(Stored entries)
[Start of section]
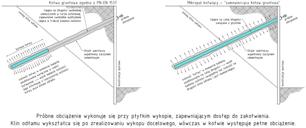 Wyłącznie nazwą 🙂 W obydwu przypadkach mówimy o konstrukcjach oporowych, gdzie zawsze występuje zjawisko klina odłamu, więc sama zmiana nazwy elementu kotwiącego nic nie zmieni na lepsze. Obydwa te rodzaje tzw. „kotew” nie spełniają wymagań norm projektowych i wykonawczych dotyczących konstrukcji oporowych.
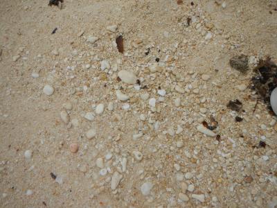 砂はホワイトビーチとは違いサンゴが砕けた粗い感じ・・名前の由来のプカシェルもあるかも・・。
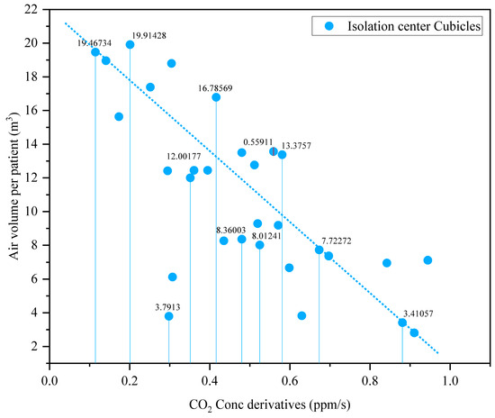 The observed trend line exhibits a notable negative slope, indicating a substantial reduction in air volume per patient as the derivative of CO2 concentration increases. Our analysis shows a negative correlation between the rate of increase in CO2 concentration (in ppm) and the corresponding decrease in air volume per patient (in cm3). Notably, it is noted that for every 0.1 ppm/s rise in the derivative of CO2 concentration, we estimate a decrease of approximately 2 m3 in the air volume per individual. The observed steep negative slope in the data suggests a significant decline in air quality, which can be attributed to the increasing levels of CO2. Authors [56] highlight the importance of implementing measures such as enhanced airflow or minimized occupancy to effectively address and alleviate these adverse conditions. The observed variability among the collected data points highlights the diverse nature of the cubicle environments, thereby indicating the need for personalized evaluations to achieve the most favorable air quality conditions throughout the isolation facility.
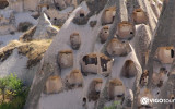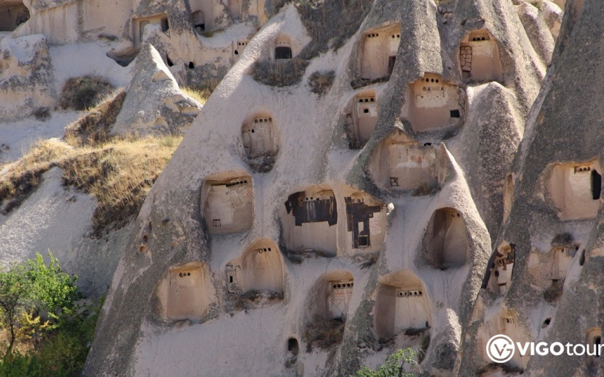 Güvercinlik Vadisi’nde verilen molada, vadi yamaçlarını süsleyen güvercin yuvalarının panoramik manzarası izlenir — bu yapılar geçmişte bağ ve tarım alanlarını gübrelemek için önemli bir rol oynamıştır.
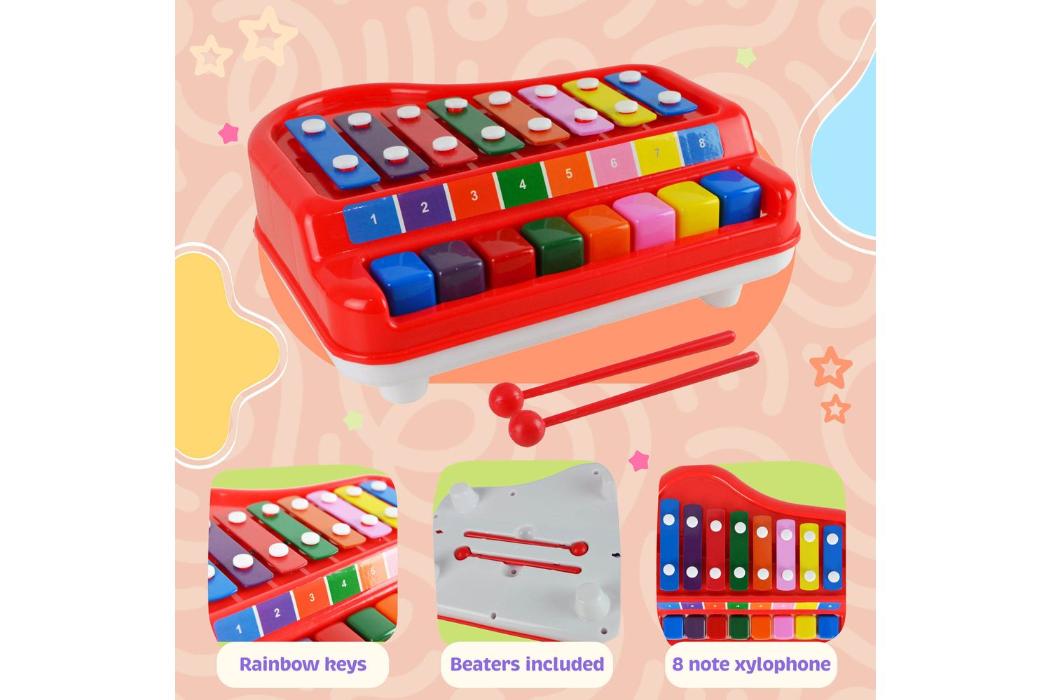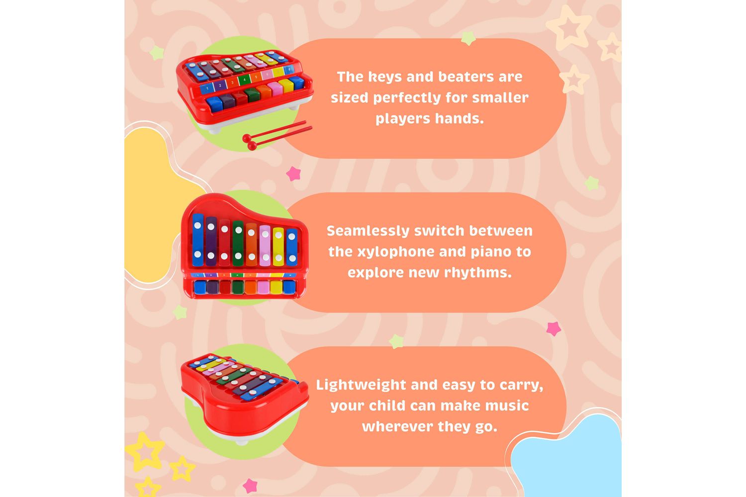 Expertly merging the colorful lyrical chimes of a xylophone with the varied keys of a grand piano, our 2-in-1 toy paves a clear path of musical innovation for your little mercury. Seamlessly switch between the xylophone and piano settings to experience an extensive assortment of musical notes and rhythmic possibilities.
[End of section]
Leave out the images and write out the lines above exactly, from the one with "砂はホワイトビーチとは違いサ" up to and including the one with "Güvercinlik Vadisi’nde verilen".

→ **Answer box**
 砂はホワイトビーチとは違いサンゴが砕けた粗い感じ・・名前の由来のプカシェルもあるかも・・。
 The observed trend line exhibits a notable negative slope, indicating a substantial reduction in air volume per patient as the derivative of CO2 concentration increases. Our analysis shows a negative correlation between the rate of increase in CO2 concentration (in ppm) and the corresponding decrease in air volume per patient (in cm3). Notably, it is noted that for every 0.1 ppm/s rise in the derivative of CO2 concentration, we estimate a decrease of approximately 2 m3 in the air volume per individual. The observed steep negative slope in the data suggests a significant decline in air quality, which can be attributed to the increasing levels of CO2. Authors [56] highlight the importance of implementing measures such as enhanced airflow or minimized occupancy to effectively address and alleviate these adverse conditions. The observed variability among the collected data points highlights the diverse nature of the cubicle environments, thereby indicating the need for personalized evaluations to achieve the most favorable air quality conditions throughout the isolation facility.
 Güvercinlik Vadisi’nde verilen molada, vadi yamaçlarını süsleyen güvercin yuvalarının panoramik manzarası izlenir — bu yapılar geçmişte bağ ve tarım alanlarını gübrelemek için önemli bir rol oynamıştır.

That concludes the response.